* Required work *
Beneath this instruction is a listing; print exactly the lines in it starting at the line that contains "2.在打開的控制面板界面中將" and going through the line that contains "La representación estatal".

* Task input *
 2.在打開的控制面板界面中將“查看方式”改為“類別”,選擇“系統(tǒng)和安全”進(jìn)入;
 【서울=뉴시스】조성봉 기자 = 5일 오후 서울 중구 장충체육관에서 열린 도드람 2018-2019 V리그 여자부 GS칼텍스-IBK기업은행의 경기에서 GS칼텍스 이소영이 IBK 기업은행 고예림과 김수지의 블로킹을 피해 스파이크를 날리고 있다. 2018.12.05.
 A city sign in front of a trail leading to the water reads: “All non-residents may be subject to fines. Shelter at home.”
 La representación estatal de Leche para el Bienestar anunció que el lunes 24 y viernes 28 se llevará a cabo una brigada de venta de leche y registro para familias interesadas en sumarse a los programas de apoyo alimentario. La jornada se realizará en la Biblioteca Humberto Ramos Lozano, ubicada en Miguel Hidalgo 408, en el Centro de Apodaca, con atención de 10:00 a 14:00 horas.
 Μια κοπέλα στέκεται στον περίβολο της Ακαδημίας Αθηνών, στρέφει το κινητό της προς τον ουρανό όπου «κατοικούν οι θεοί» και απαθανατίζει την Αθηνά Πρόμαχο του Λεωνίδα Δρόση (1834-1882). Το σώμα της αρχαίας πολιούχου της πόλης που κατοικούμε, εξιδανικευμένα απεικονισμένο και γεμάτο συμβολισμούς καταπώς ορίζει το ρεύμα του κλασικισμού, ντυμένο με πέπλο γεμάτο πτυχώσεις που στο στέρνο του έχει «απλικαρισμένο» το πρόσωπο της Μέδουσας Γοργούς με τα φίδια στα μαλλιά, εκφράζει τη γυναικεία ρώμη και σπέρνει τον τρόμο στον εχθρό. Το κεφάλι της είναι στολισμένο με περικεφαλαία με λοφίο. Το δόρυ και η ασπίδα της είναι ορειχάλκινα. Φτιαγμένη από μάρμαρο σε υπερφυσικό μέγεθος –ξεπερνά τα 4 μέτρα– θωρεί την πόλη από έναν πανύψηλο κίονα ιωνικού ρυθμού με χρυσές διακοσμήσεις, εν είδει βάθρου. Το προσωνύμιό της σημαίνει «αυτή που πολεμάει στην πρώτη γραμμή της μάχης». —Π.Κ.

* * *

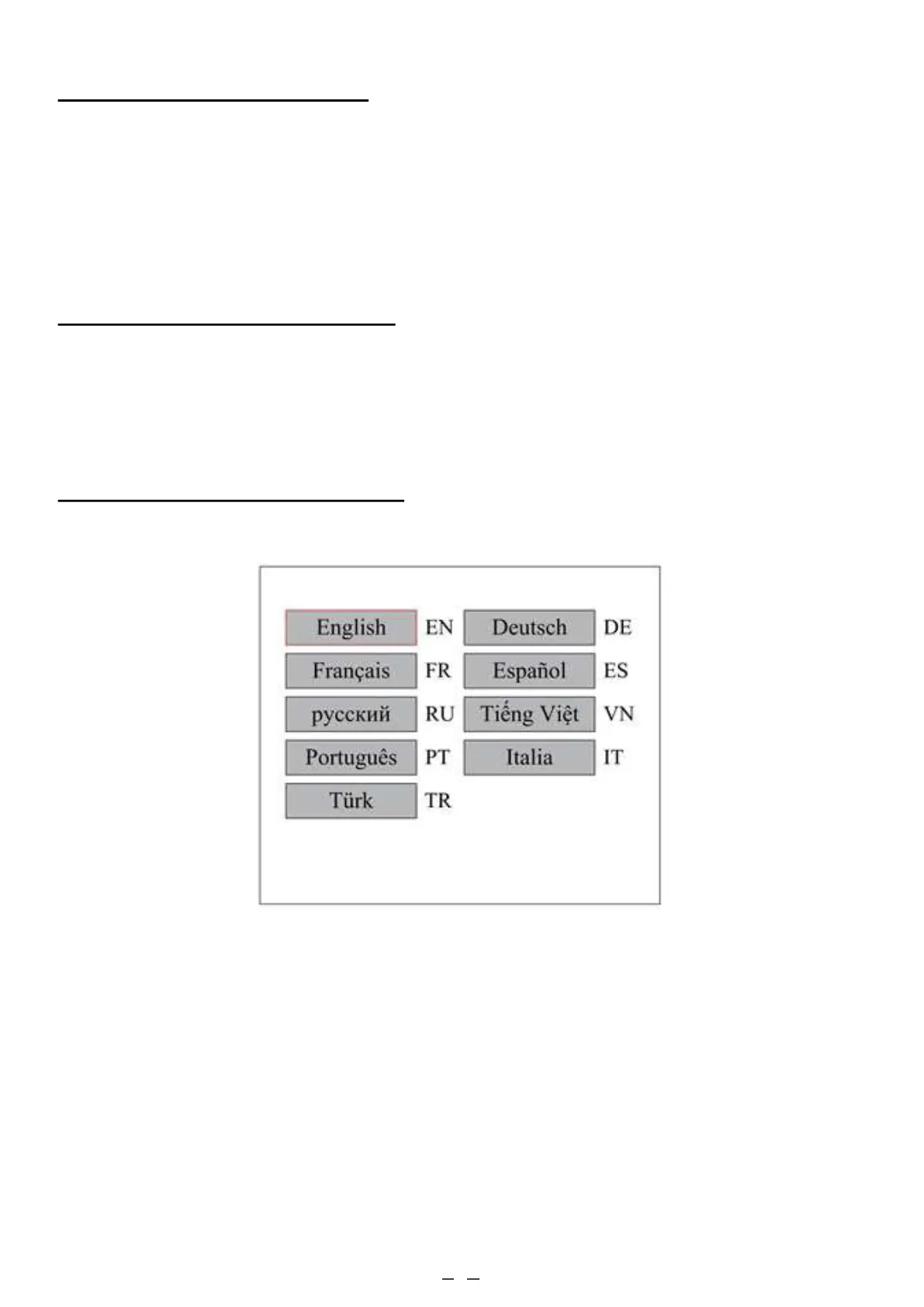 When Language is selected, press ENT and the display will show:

* Result for this task *
 2.在打開的控制面板界面中將“查看方式”改為“類別”,選擇“系統(tǒng)和安全”進(jìn)入;
 【서울=뉴시스】조성봉 기자 = 5일 오후 서울 중구 장충체육관에서 열린 도드람 2018-2019 V리그 여자부 GS칼텍스-IBK기업은행의 경기에서 GS칼텍스 이소영이 IBK 기업은행 고예림과 김수지의 블로킹을 피해 스파이크를 날리고 있다. 2018.12.05.
 A city sign in front of a trail leading to the water reads: “All non-residents may be subject to fines. Shelter at home.”
 La representación estatal de Leche para el Bienestar anunció que el lunes 24 y viernes 28 se llevará a cabo una brigada de venta de leche y registro para familias interesadas en sumarse a los programas de apoyo alimentario. La jornada se realizará en la Biblioteca Humberto Ramos Lozano, ubicada en Miguel Hidalgo 408, en el Centro de Apodaca, con atención de 10:00 a 14:00 horas.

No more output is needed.